A couple years back my family took a trip to las vegas and it was 115 F in the afternoon, what's worse is my brother and I got lost looking for the Nike store and walked up and down the strip looking for it.

Haha we were pissed when it was inside and hidden in the back where we first started looking.

It was so damn hot
 
110f in Arizona one Summer. Wasn't bad compared to the 100f 99% humidity in Virginia I experienced. Never again.
 
I vacationed in Mexico five years ago, and that entire week it hovered above 100 degrees Fahrenheit. I'm from Wisconsin so usually we're used to high 80s.
 
Most central and southern Spain reaches 40ºC+ daily during July and August, with 45ºC peaks some days. You just grow accustomed to it.
 
Around 114F/46C or maybe more in Spain during a heatwave. Not that bad considering I'm from Los Angeles (coastal though).Even my time at UC Riverside, it never got that hot, although close to it. The worst was the humidity I experienced in Tarragona. I dont't like humid weather.
I was on vacation.
 
it was 44c here today (adelaide, australia) and its going to be 45 tomorrow. hottest i've experienced is 46. it sucks.
 
In early 2009, Adelaide, South Australia was hit by a heat wave with temperatures reaching 40+ °C for six days in a row, while many rural areas experienced temperatures hovering around about mid 40s °C (mid 110s°F). Kyancutta on the Eyre Peninsula endured at least one day at 48 °C, with 46 and 47 being common in the hottest parts of the state. Melbourne, in neighbouring Victoria recorded 3 consecutive days over 43 °C (109 °F), and also recorded its highest ever temperature 8 days later in a secondary heatwave, with the mercury peaking at 46.4 °C (115.5 °F). During this heat wave Victoria suffered from large bushfires which claimed the lives of more than 210 people and destroyed more than 2,500 homes. There were also over half a million people without power as the heatwave blew transformers and the power grid was overloaded.


That week in Adelaide was fucking mental.
 
Somewhere between 45 and 50 c in Greece, low humidity though.
Worst was around 40 with really high humidity in Turkey, that was really awfull, non stop sweating.
 
40's I can take as long as it is dry. Give me 37 with high humidity and I fold like a little child.

I certainly don't enjoy 40's (I think the highest I have ever experienced was 42-43), but yeah, my worst experience was this summer in Kyoto. 38 but downright drenching, it felt magnitutes worse than the 40's experiences.
 
Loving summer here in Sydney just like always.

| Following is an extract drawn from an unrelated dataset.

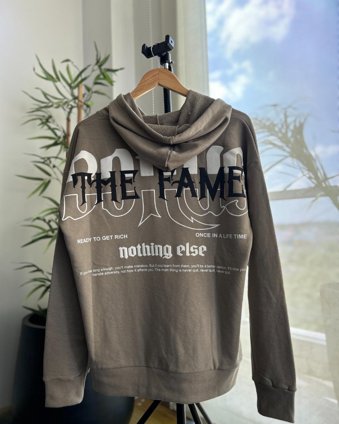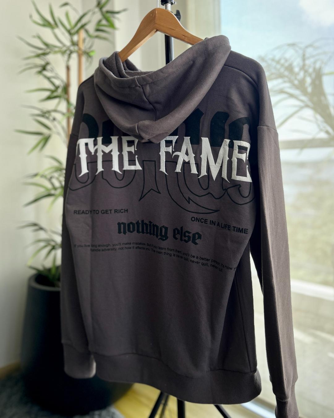 Buzo oversize Fame. Disponible en del S al XL. Canguro rústico. Estampa en espalda.

Work at home all day long. Then at 5pm I drive down to the beach and go for a swim.
 
Greece 43-44 C. The sun was so bright even sunglasses didn't help. It was fucking blinding. But that was a one time thing. The really bad stuff, and this happens much more often, are the times you get 39-40 C and 85%+ humidity. Everyone is out of breath all the time. Seaside cities for the win. Everyone who moves to my town from another place in Greece spends at least one year sick from the humidity.
 
Scorching 40+ degree days in Townsville, Queensland (visiting family, both sides come from Townsville), and similarly hot temperatures when we were on holiday in Cairo.
 
I can take 40+ whatever no problem, but humidity kills me. Why the fuck are humans still so susceptible to it? Makes me wonder how people in humid countries were able to do ANYTHING in the past few thousand years.
 
The highest temp recorded on Earth was:

56.7 °C (134 °F) in Death Valley, USA

Fitting name?

I don't think that can be right. I'm positive Australia outback, middle east, and places like that can reach a possible 60-70c. 56c might be the highest average.
 
About 112F in SE Alabama during a heat wave, with 100% humidity. Hell on earth.

Even when it's not a heat wave I don't go outside during the summer here.